Allegations: Trustbuster said surprised by Tnuva's overt monopoly pricing
In raid on company's offices, trustbuster uncovers e-mails apparently backing suspicions the company used its monopoly status to price gouge.
The Antitrust Authority was reportedly surprised by overt discussions of alleged monopoly pricing at Tnuva, sources said on Monday.
In its raid of the company's offices two weeks ago, the trustbuster uncovered e-mails apparently backing its suspicions that the company used its monopoly status to price gouge.
It seized 25 boxes of documents during that raid, and is still examining them.
The Antitrust Authority refused to comment.
Although investigators are far from reaching conclusions, sources say the commission staff examining the Tnuva documents have been surprised by the overt nature of some of the internal communications over prices, allegedly including conscious efforts to take advantage of Tnuva's monopoly status.
Doing so would be illegal under antitrust law.
Internal correspondence allegedly centered around a recommendation by the McKinsey and Co. consulting firm that Tnuva exploit this status to increase prices.
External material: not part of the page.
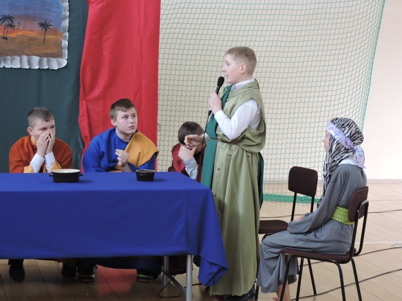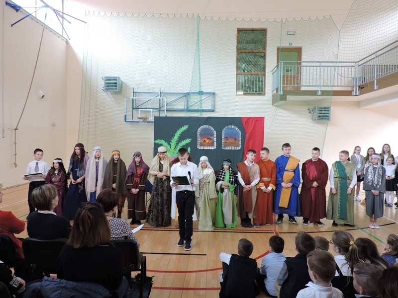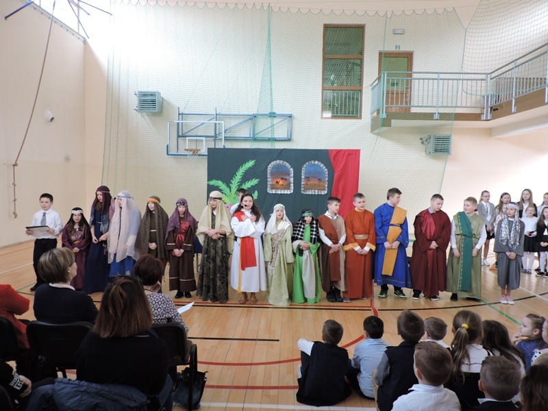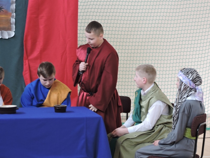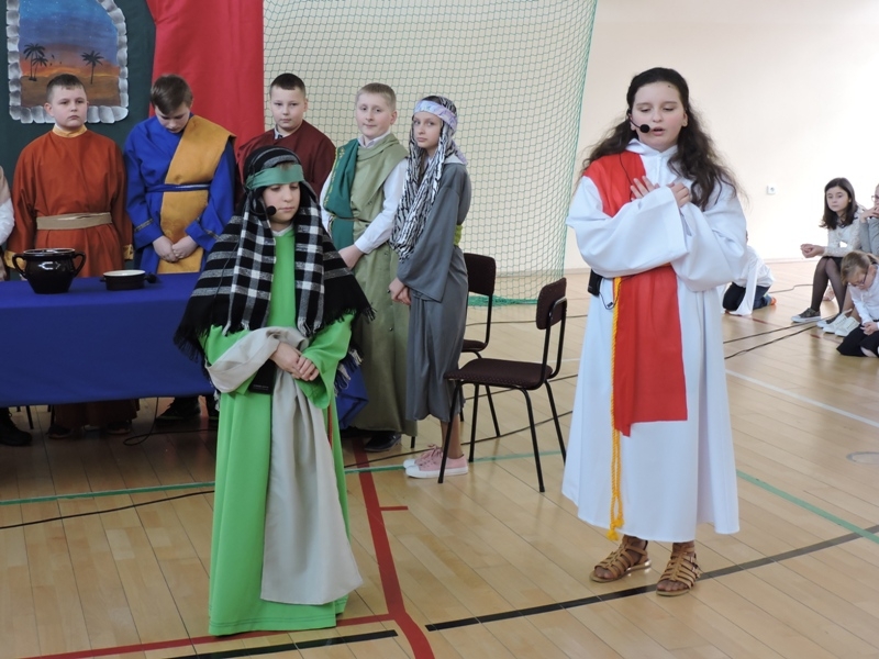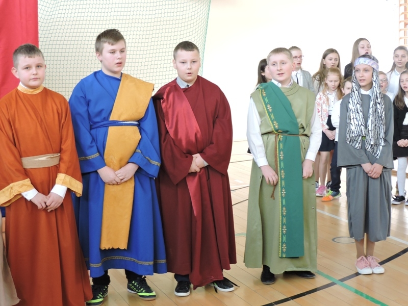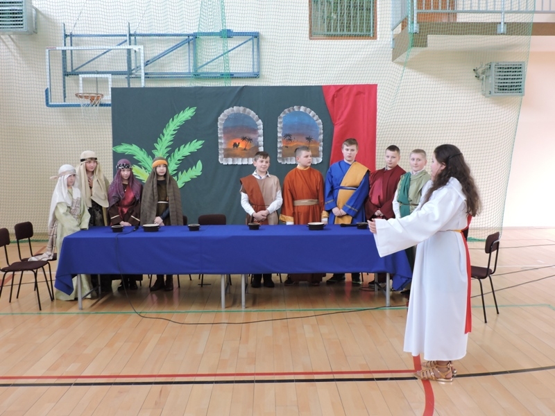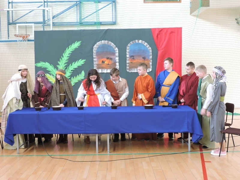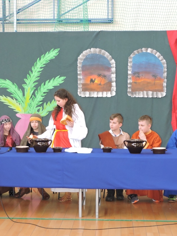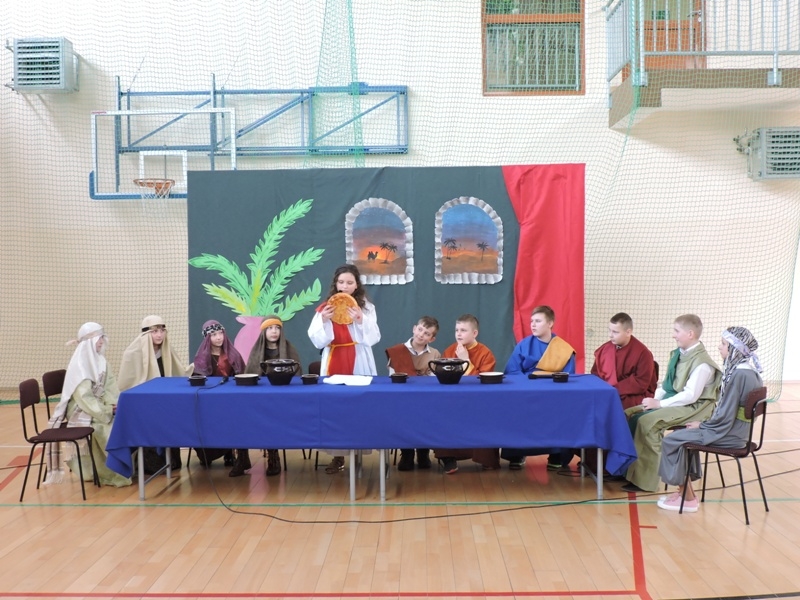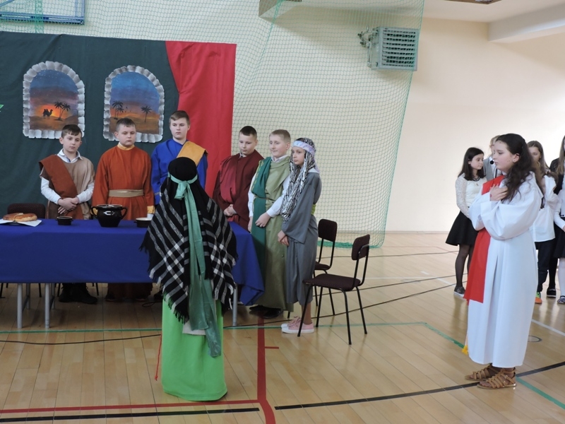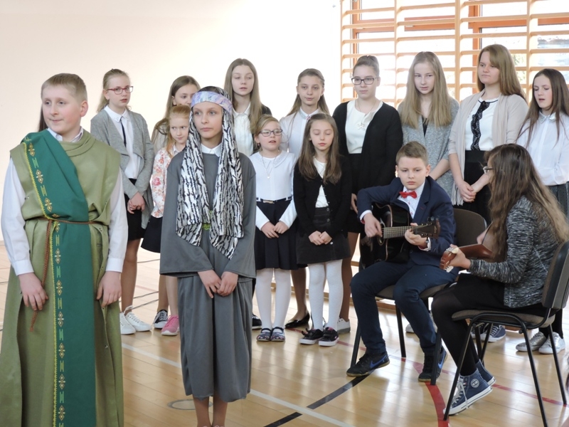 Program artystyczny - scenkę pt: Zmartwychwstanie – przygotowali i przedstawili uczniowie klasy piątej, a dzieci ze scholi parafialnej śpiewały i grały pieśni wielkanocne. Inscenizację obejrzeli: dyrektor, nauczyciele, pracownicy, rodzice i uczniowie lubomierskiej jedynki.

However, McKinsey was simply an advisor, and any decision to raise prices would have been Tnuva's alone.
One of the company's alleged steps in response to McKinsey's recommendations was to increase cottage cheese prices. This ultimately sparked this summer's cottage cheese boycott, which snowballed into a nationwide consumer protest and a widescale boycott of Tnuva.
The investigation of the company is part of a broader probe into the dairy industry as a whole, including Strauss and Tara dairies. Unlike Tnuva, these two companies apparently gave the trustbuster information voluntarily.